Given data
-- Opening Marker --

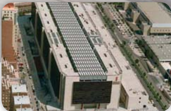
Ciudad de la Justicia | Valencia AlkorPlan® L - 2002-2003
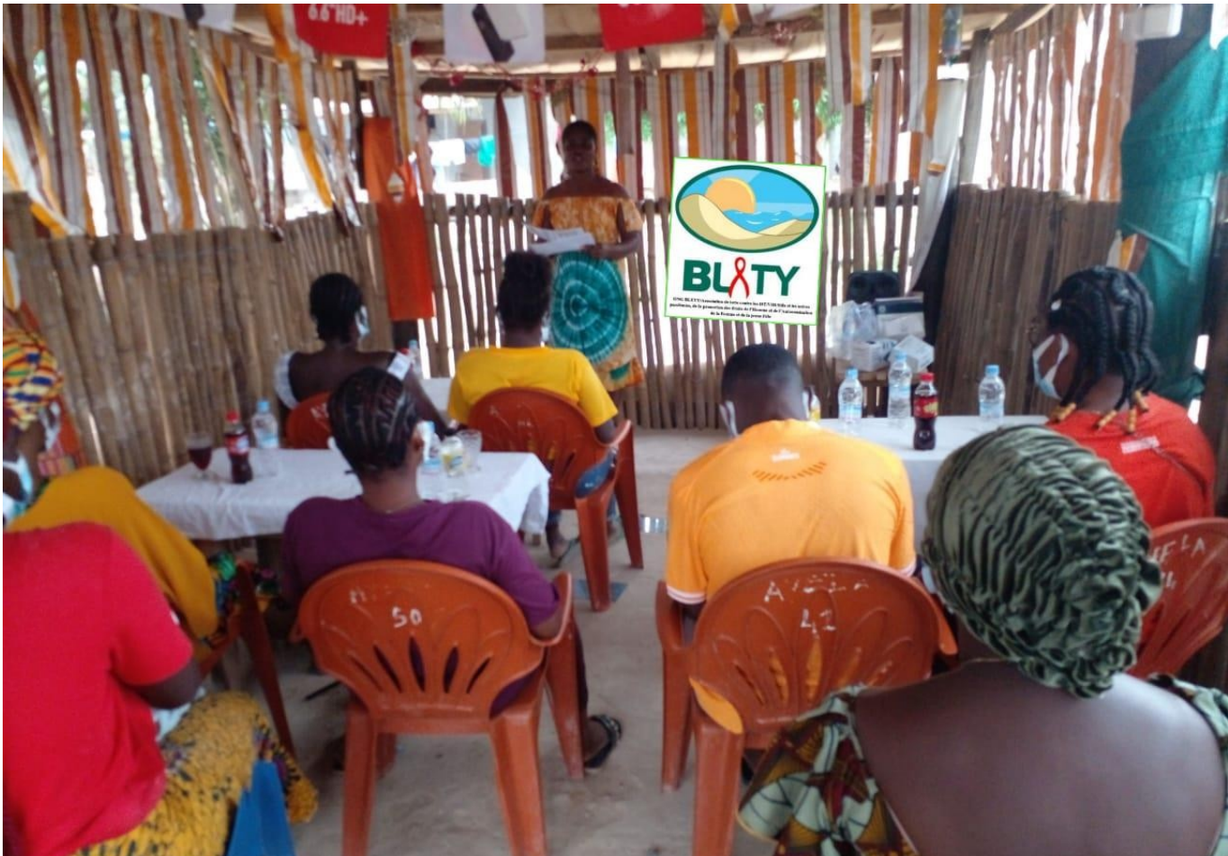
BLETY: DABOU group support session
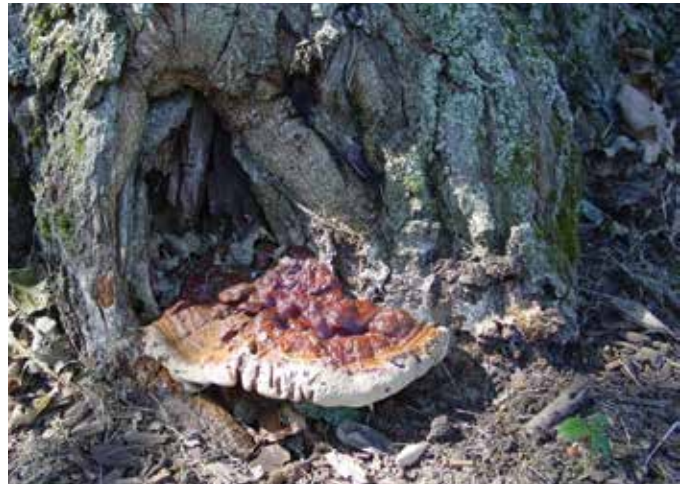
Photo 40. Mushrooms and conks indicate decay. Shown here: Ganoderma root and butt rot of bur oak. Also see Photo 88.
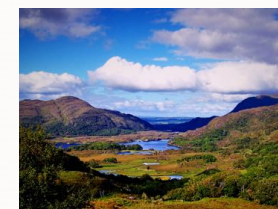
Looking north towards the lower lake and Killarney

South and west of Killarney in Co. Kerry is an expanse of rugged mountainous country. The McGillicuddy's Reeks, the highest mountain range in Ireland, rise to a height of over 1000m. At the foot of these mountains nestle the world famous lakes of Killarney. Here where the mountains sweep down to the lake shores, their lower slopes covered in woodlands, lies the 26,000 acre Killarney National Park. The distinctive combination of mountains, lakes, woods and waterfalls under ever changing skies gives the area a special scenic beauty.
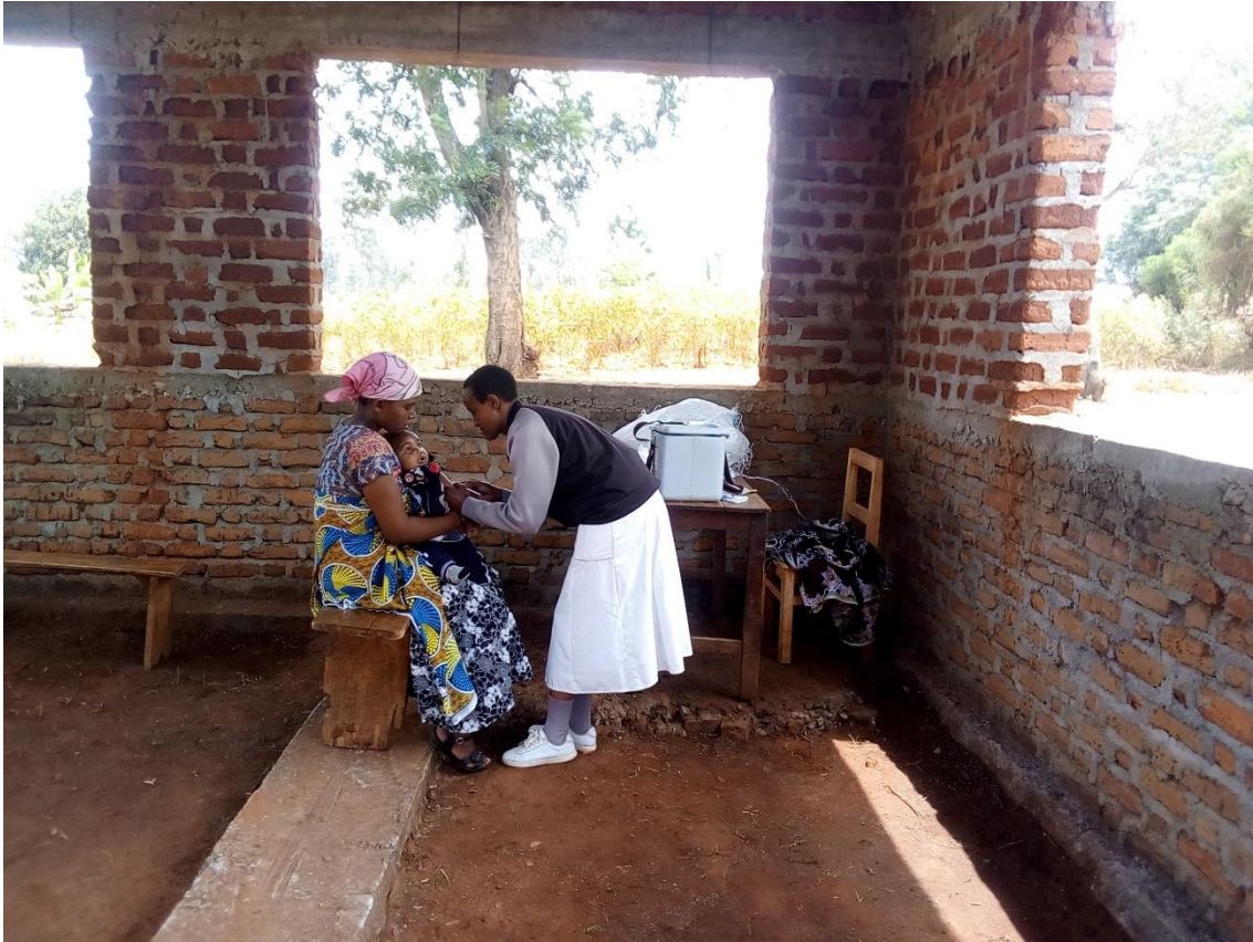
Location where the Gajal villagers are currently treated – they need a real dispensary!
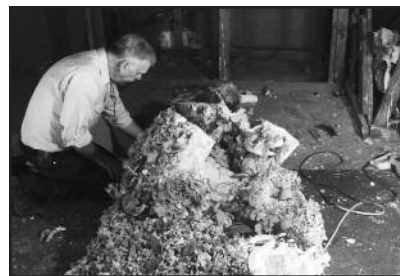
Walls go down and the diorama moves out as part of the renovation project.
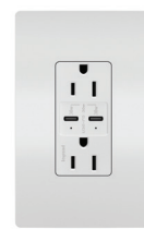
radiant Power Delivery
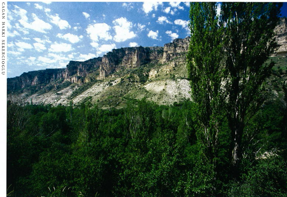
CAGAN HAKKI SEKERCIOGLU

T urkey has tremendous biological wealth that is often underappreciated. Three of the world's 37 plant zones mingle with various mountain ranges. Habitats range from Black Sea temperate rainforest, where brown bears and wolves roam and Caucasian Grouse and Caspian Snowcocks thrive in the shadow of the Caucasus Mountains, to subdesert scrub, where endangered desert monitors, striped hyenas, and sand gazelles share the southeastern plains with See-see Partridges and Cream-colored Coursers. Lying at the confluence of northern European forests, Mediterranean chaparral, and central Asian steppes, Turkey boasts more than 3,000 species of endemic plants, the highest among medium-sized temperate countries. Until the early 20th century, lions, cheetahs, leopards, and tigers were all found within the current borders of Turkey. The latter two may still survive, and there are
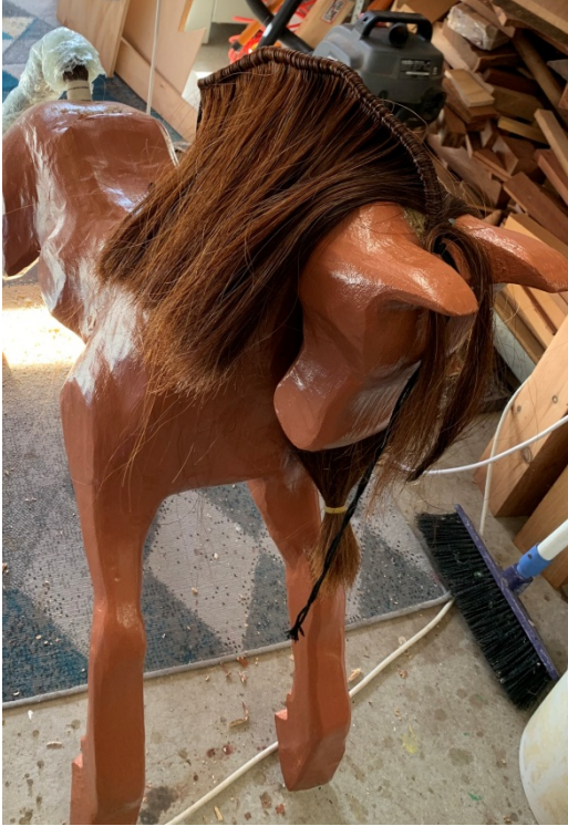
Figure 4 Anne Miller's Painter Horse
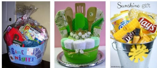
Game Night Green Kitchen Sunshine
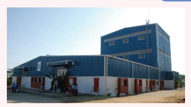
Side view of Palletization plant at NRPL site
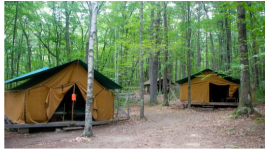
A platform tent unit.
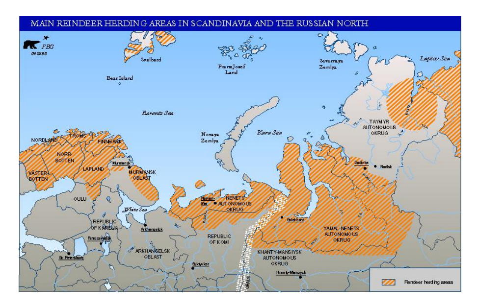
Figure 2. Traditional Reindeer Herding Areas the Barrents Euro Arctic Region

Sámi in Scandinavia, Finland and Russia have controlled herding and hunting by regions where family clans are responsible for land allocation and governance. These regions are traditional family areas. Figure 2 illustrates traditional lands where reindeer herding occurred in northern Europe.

-- Closing Marker --
-- Opening Marker --

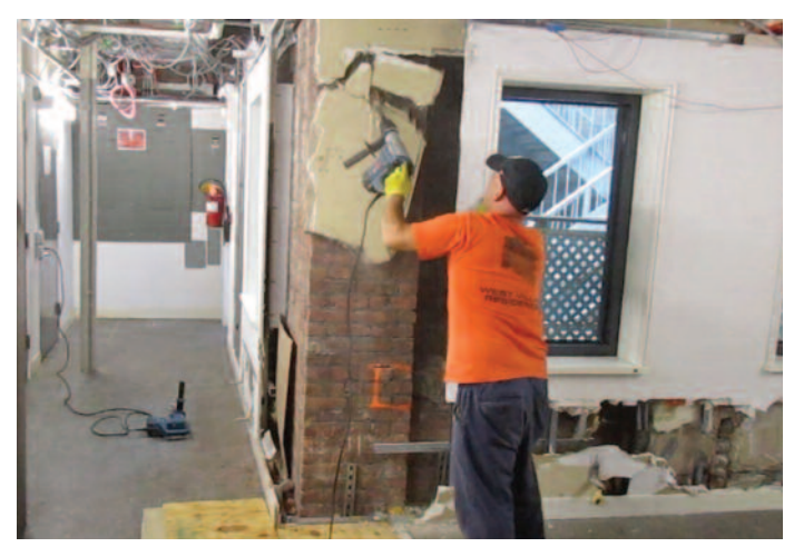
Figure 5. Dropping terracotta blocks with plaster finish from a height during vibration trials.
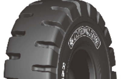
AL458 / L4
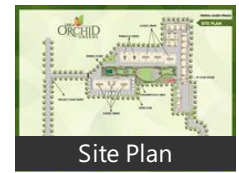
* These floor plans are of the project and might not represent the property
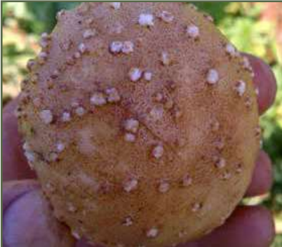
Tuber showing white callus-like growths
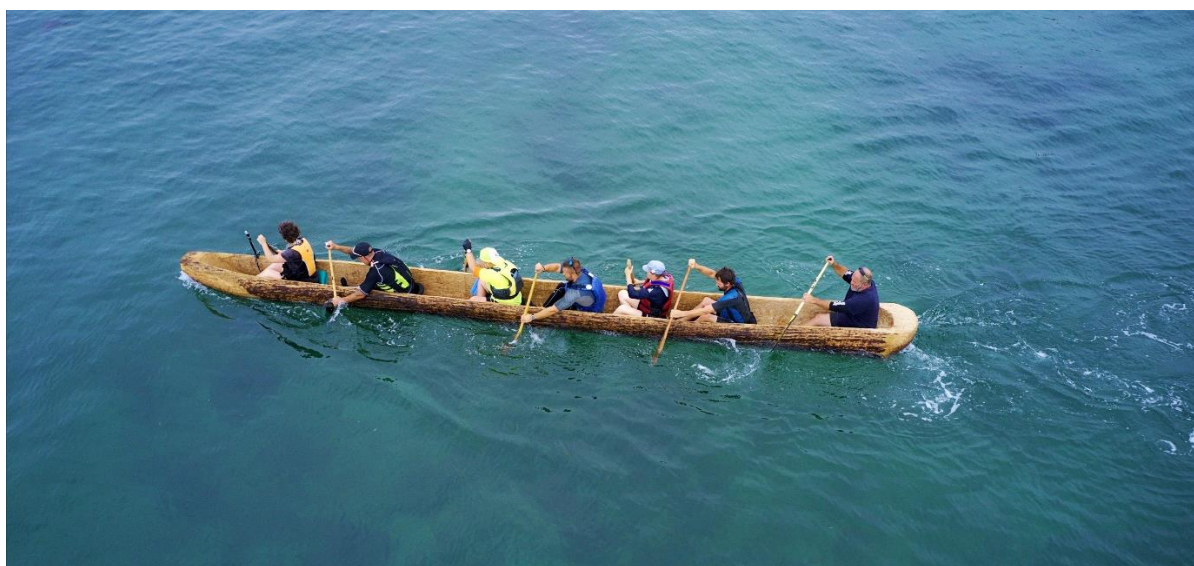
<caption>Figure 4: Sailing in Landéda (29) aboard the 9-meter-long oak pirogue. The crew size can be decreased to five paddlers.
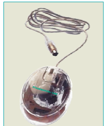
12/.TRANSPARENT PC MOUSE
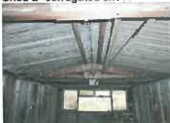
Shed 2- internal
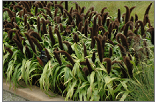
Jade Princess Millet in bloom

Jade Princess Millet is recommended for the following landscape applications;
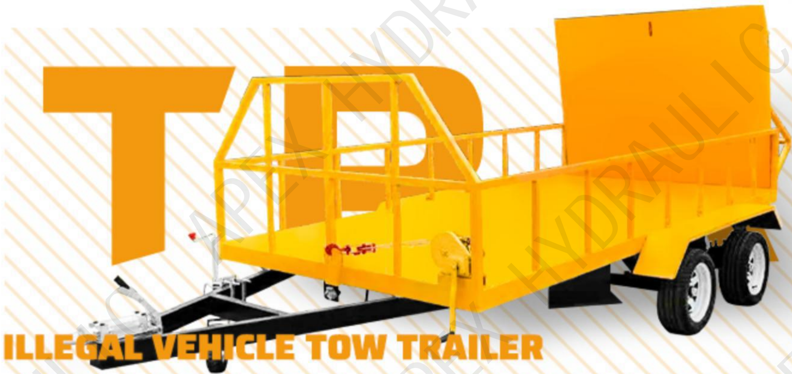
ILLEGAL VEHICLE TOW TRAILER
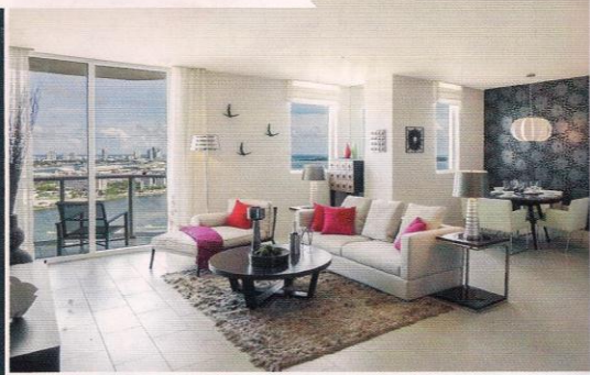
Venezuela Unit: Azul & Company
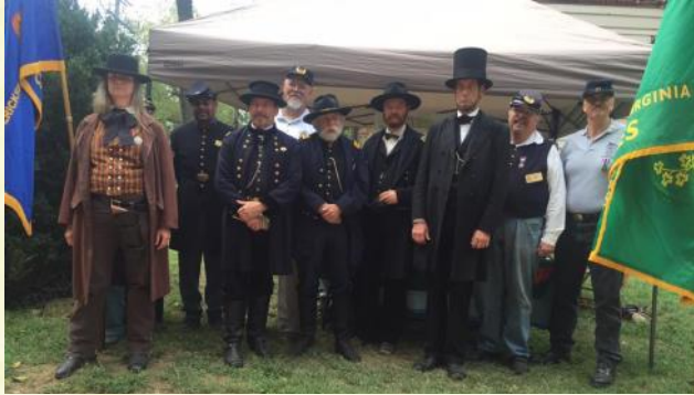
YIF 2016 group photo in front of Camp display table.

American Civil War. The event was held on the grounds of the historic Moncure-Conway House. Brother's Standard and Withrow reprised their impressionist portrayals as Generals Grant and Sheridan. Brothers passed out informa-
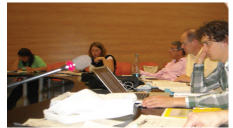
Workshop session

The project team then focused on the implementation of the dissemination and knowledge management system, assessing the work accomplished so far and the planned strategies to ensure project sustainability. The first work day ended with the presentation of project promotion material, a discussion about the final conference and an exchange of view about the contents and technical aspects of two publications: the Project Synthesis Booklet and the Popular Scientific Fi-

-- Closing Marker --

Exercise
Reproduce exactly the lines above from the line with "Workshop session" to the line with "The project team", including both, and add nothing.

Task response
Workshop session

The project team then focused on the implementation of the dissemination and knowledge management system, assessing the work accomplished so far and the planned strategies to ensure project sustainability. The first work day ended with the presentation of project promotion material, a discussion about the final conference and an exchange of view about the contents and technical aspects of two publications: the Project Synthesis Booklet and the Popular Scientific Fi-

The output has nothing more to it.